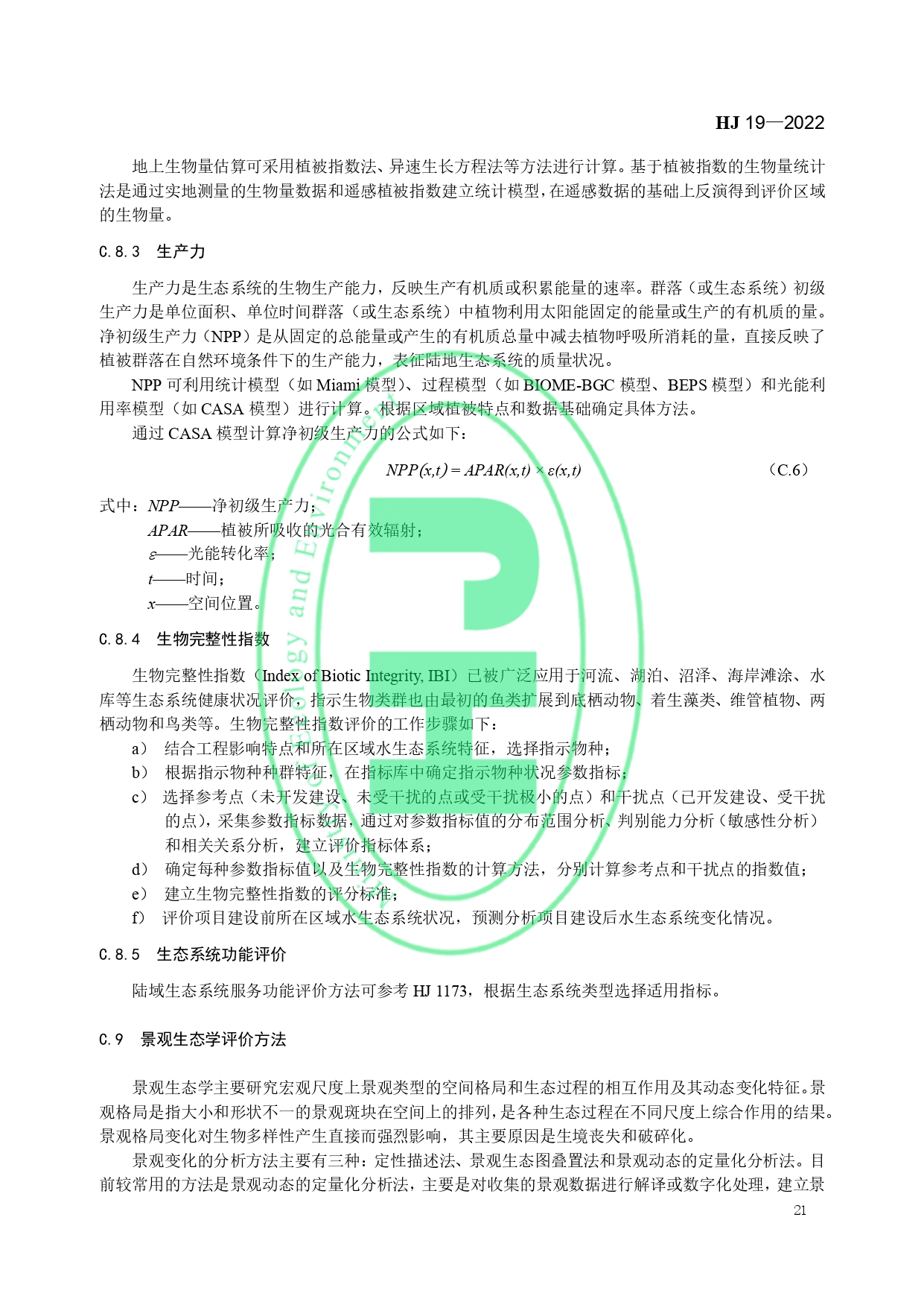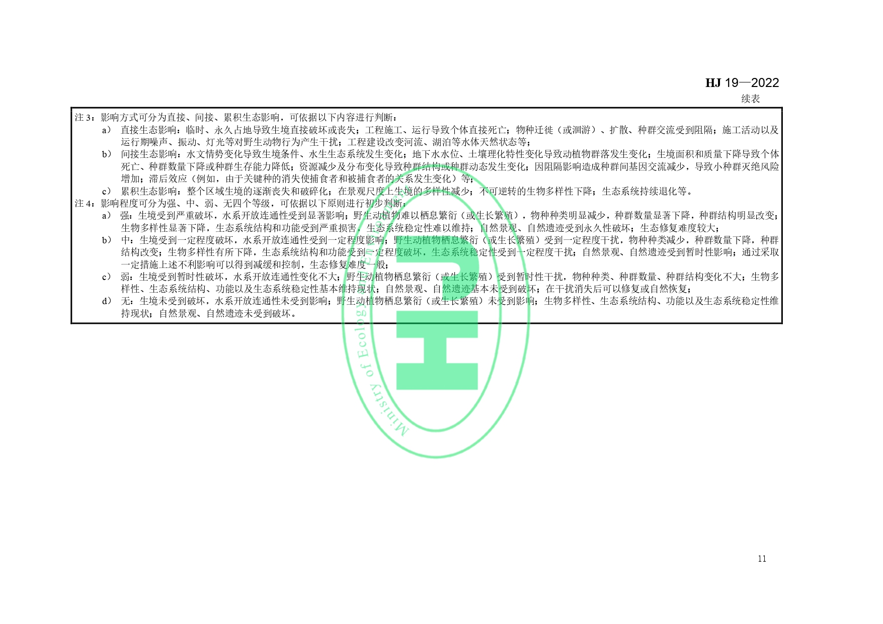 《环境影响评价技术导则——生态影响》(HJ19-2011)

---

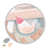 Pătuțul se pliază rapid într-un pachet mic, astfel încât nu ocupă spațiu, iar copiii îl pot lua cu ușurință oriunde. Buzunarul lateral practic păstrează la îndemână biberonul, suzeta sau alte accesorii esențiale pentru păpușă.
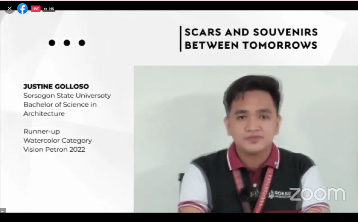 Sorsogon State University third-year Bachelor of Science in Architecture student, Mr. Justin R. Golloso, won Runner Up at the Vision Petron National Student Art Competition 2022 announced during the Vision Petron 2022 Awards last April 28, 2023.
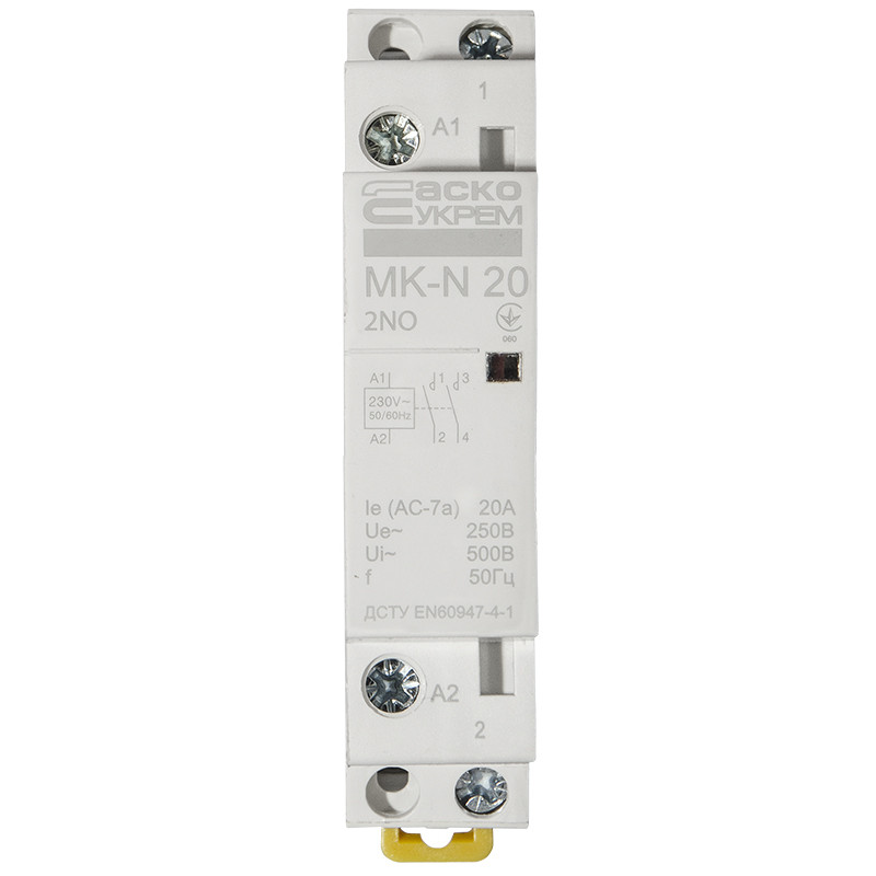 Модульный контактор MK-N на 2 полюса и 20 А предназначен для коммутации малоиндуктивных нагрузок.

---

YOUR INSTRUCTIONS:
Every line above between the one containing "Sorsogon State University" and the one containing "Модульный контактор MK-N", those two included, is to be printed exactly. No pictures go into the copy.

ANSWER TO THIS EXERCISE:
 Sorsogon State University third-year Bachelor of Science in Architecture student, Mr. Justin R. Golloso, won Runner Up at the Vision Petron National Student Art Competition 2022 announced during the Vision Petron 2022 Awards last April 28, 2023.
 Модульный контактор MK-N на 2 полюса и 20 А предназначен для коммутации малоиндуктивных нагрузок.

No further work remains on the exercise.